No such "thus". Linking is not mere aggregation; it creates a derived
work. All the precedent and prior discussion establishes that.
That is definitely the intent of the words of the GPL, as stated by its
> The whole point of GPL is to prevent someone from doing something like
> taking cygwin.dll, improving it and then not letting everyone else
> have the improvements.
That's not the *whole* point; the *whole* point goes back to
Richard Stallman's personal philosophy. Using the bison parser
in your own program is not making an improvement to the bison parser,
but it has been repeatedly been stated that such *use* of GPLed
code requires sharing source. The express purpose of the LGPL
as opposed to the GPL is to allow such use without sharing source.
If that were not the case, there simply wouldn't be any need for the
LGPL. Any argument you wish to make must take the LGPL into account.
> It's not meant, as clearly stated, to cause some "independent work" to
> be become part of GNU.
The issue is not to make it part of GNU; that is a common confusion.
The point is to *prevent you* from distributing someone's property
without obeying their express restrictions. It is not and never
has been a matter of seizing your property; that is a misunderstanding
that that language in the GPL is meant to dispel, although it fails
to do so. "You can't hoard the source of programs derived from ours"
does not mean "If you distribute programs derived from ours, we own
them". Linking GPLed code into a binary is considered to create
a derived work, at least by the FSF.
> Also, it's my understanding that even if cygnus owns the copyright,
> the GPL is a license from FSF so I don't see how somebody else could
> enforce the license.
All such rights and rights to enforcement belong to the copyright
holder (that's why it's called a copy"right").
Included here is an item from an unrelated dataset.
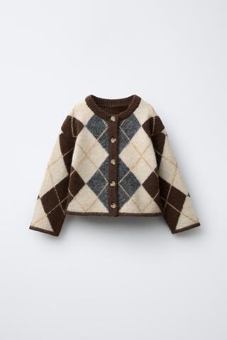 ZARA ВЯЗАНЫЙ КАРДИГАН С УЗОРОМ «РОМБЫ», ШОКОЛАДНЫЙ
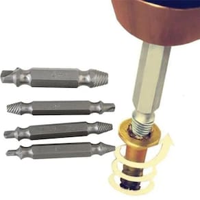 - Refaça a casa da cabeça do parafuso quebrado ou espanado com o lado perfurante e remova parafusando o lado extrator na nova casa.

How someone can enforce their copyright is spelled out in copyright law.
You seem to be confused by the fact that much GPLed code is owned
by the FSF, including code that was written by others but ownership
was turned over to the FSF, and perhaps by the fact that the GPL itself
is copyrighted by the FSF. The GPL is a document that describes the
terms of a copyright, terms that involve the granting of software
licenses. The "License" in "GPL" is a license to the "General
Public" from the owner of the copyright, not a license from the FSF.
How could the FSF possibly have licensing rights to code owned by
Cygnus to the exclusion of Cygnus; how were they granted such exclusive
rights? As opposed to code that Cygnus turned over to the FSF, such as
BFD; cygwin.dll is not such code. Anybody can put their code, code they
own, code they have the copyright to, under the GPL, which happens to be
published by the FSF. That does not automatically give the FSF any
special legal standing, including licensing rights. There is nothing in
the GPL that gives the FSF any rights to code copyrighted under it
(other than the rights that *everyone* in the public gets).
Really, all these issues have been discussed before and elsewhere;
I'm not the best person to debate them with, and this isn't the
best place to do it. So if you think I've said something false,
I direct you to gnu.misc.discuss (where you won't necessarily
get the right answers either), the FSF and Cygnus legal departments,
the U.S. Patent and Copyrights office, etc.